The INPUT_STREAM
in Kafka was created with ksql statement below:
CREATE STREAM INPUT_STREAM (year STRUCT<month STRUCT<day STRUCT<hour INTEGER, minute INTEGER>>>) WITH (KAFKA_TOPIC = 'INPUT_TOPIC', VALUE_FORMAT = 'JSON');
It defines four levels nested json schema with fields year
, month
and day
and hour
and minute
, like the one below:
{
"year": {
"month": {
"day": {
"hour": string,
"minute": string
}
}
}
}
I want to create a second OUTPUT_STREAM
that will read the messages from INPUT_STREAM
and re-map its field names to some custom ones. I want to grab the hour
and minute
values and place them in a nested json below the fields one
and two
, like this one below:
{
"one": {
"two": {
"hour": string,
"minute": string
}
}
}
I go ahead and put together ksql statement to create OUTPUT_STREAM
CREATE STREAM OUTPUT_STREAM WITH (KAFKA_TOPIC='OUTPUT_TOPIC', REPLICAS=3) AS SELECT YEAR->MONTH->DAY->HOUR ONE->TWO->HOUR FROM INPUT_STREAM EMIT CHANGES;
The statement fails with an error. Is there a syntax error in this statement?

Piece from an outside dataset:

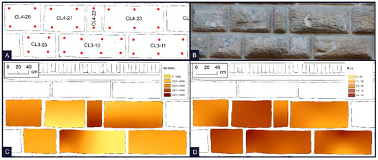 (A) Measurement scheme followed for NDT, outlined on a block portion; the red dots represent the grid of measuring points where the ultrasonic and sclerometric measurements were performed (B) portion of rough-hewn rustication investigated; distribution maps of (C) Vp values and (D) R values processed through GIS software.
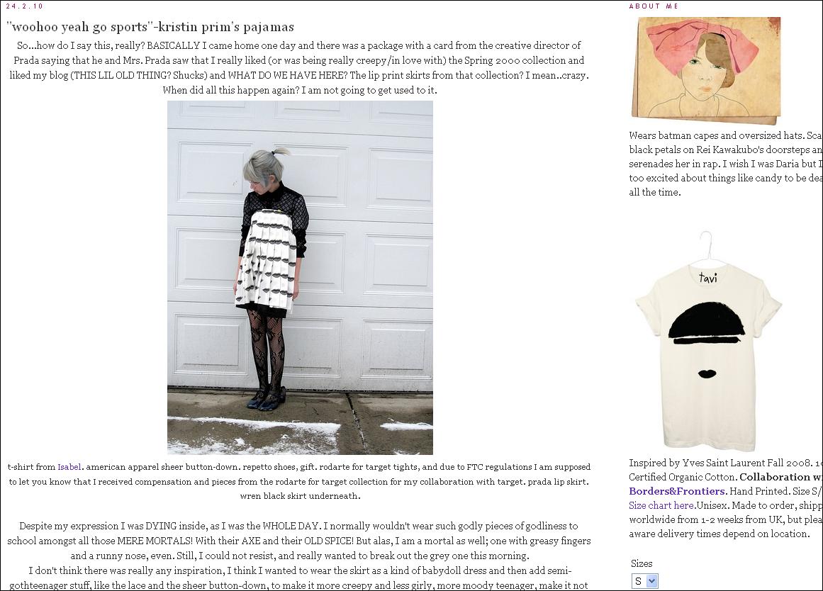 In the post below, Tavi talks about how she came home from school one day and found that the creative director of Prada along with Mrs. Prada had sent her a skirt from the Spring 2000 collection (when Tavi was just three!) because they noticed from her blog that she loved it so much.

Is it be possible to specify the destination field name like I do here with
...AS SELECT YEAR->MONTH->DAY->HOUR ONE->TWO->HOUR FROM...
?
I've tried to use STRUCT
instead of ONE->TWO->HOUR
:
CREATE STREAM OUTPUT_STREAM WITH (KAFKA_TOPIC='OUTPUT_TOPIC', REPLICAS=3) AS SELECT YEAR->MONTH->DAY->HOUR ONE STRUCT<TWO STRUCT<HOUR VARCHAR>> FROM INPUT_STREAM EMIT CHANGES;
It errors out too and doesn't work